For the LHP with the ceramic wick, Rc’s values were significantly high, i.e., 1.8 K.W⁻¹ at 53 W, due to the lower performance of the condenser. Additionally, particle differences between the stainless steel wick and ceramic wick are apparent in Figure 11a,b; the interfaces between the particles in Figure 11b are not as straightforward as those in Figure 11a. In the loop heat pipe with the stainless-steel wick, the working fluid was smoothly circulating inside the LHP because the flow resistance through the stainless-steel wick was lower than that of the ceramic wick. Therefore, the heat supplied made the working fluid evaporate, and the heat leak through the stainless-steel wick became small. In the ceramic wick’s case, the working fluid was not able to circulate correctly inside the LHP due to the high hydraulic resistance in the ceramic wick. As a result, heat flow, called a heat leak, became dominant in the evaporator with the ceramic wick.

4. Conclusions

The influence of two different wicks was tested in this study and used to describe the LHPs’ performance with a flat rectangular evaporator. The experimental results demonstrate that the LHP with the stainless-steel wick has better cooling performance than the LHP with the ceramic wick. The heater surface temperature of the LHP with the stainless steel wick increased from 40 to 105 °C in the range of a heat load from 50 to 520 W. In the ceramic wick LHP, this surface temperature reached 106 °C at a heat load of 155 W. Under gravity-assisted conditions, the LHP with the stainless steel wick could keep the temperature on the heater surface at 85 °C for a heat load of 350 W. However, the LHP with the ceramic wick could operate only at lower than 118 W for the same LHP, and the heater’s surface temperature approached 85 °C when the LHP was conducted at 54 W (20 kW·m⁻²). The ceramic wick cannot handle a high heat flux because of the conflict between vapor release and liquid suction. Large pore sizes are required to reduce resistance for the significant mass flow rate of vapor. It has been explained by Meléndez and Reyes [26].

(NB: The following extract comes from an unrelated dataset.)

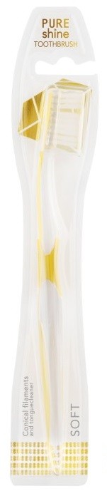 Ekulf Pure Shine är en tandborste med koniska borststrån som lätt når även tändernas mellanrum. Borsten är mycket skonsam för tänder och tandkött och tar bort bakterier och plack. Pure Shine har en ergonomisk design med ett kraftigare handtag för ett ge bra grepp. Tandborsten har mjuka borststrån och en tungskrapa på borsthuvudets baksida.

$$m_v=\frac{\pi }{128}\left(\frac{{\rho }_v\sigma }{{\mu }_v}\right)\left(\frac{\epsilon d_e^3}{d}\right)$$

(37)

where

m_v is the vapor mass flow rate; ρ_v, σ, μ_v, and ε are vapor density, surface tension, viscosity, and porosity, respectively; δ is the wick thickness, and d_e is the effective pore diameter.

On the other hand, large capillary pressure is achieved by tiny pores for liquid suction, according to the Laplace-Young equation.

$$\mathsf{∆}P=\frac{4\sigma cos\propto }{d_e}, \propto is the contact angle$$

(38)

As a result, the vapor release and liquid suction of the ceramic wick require different pore sizes for better heat performance in LHPs.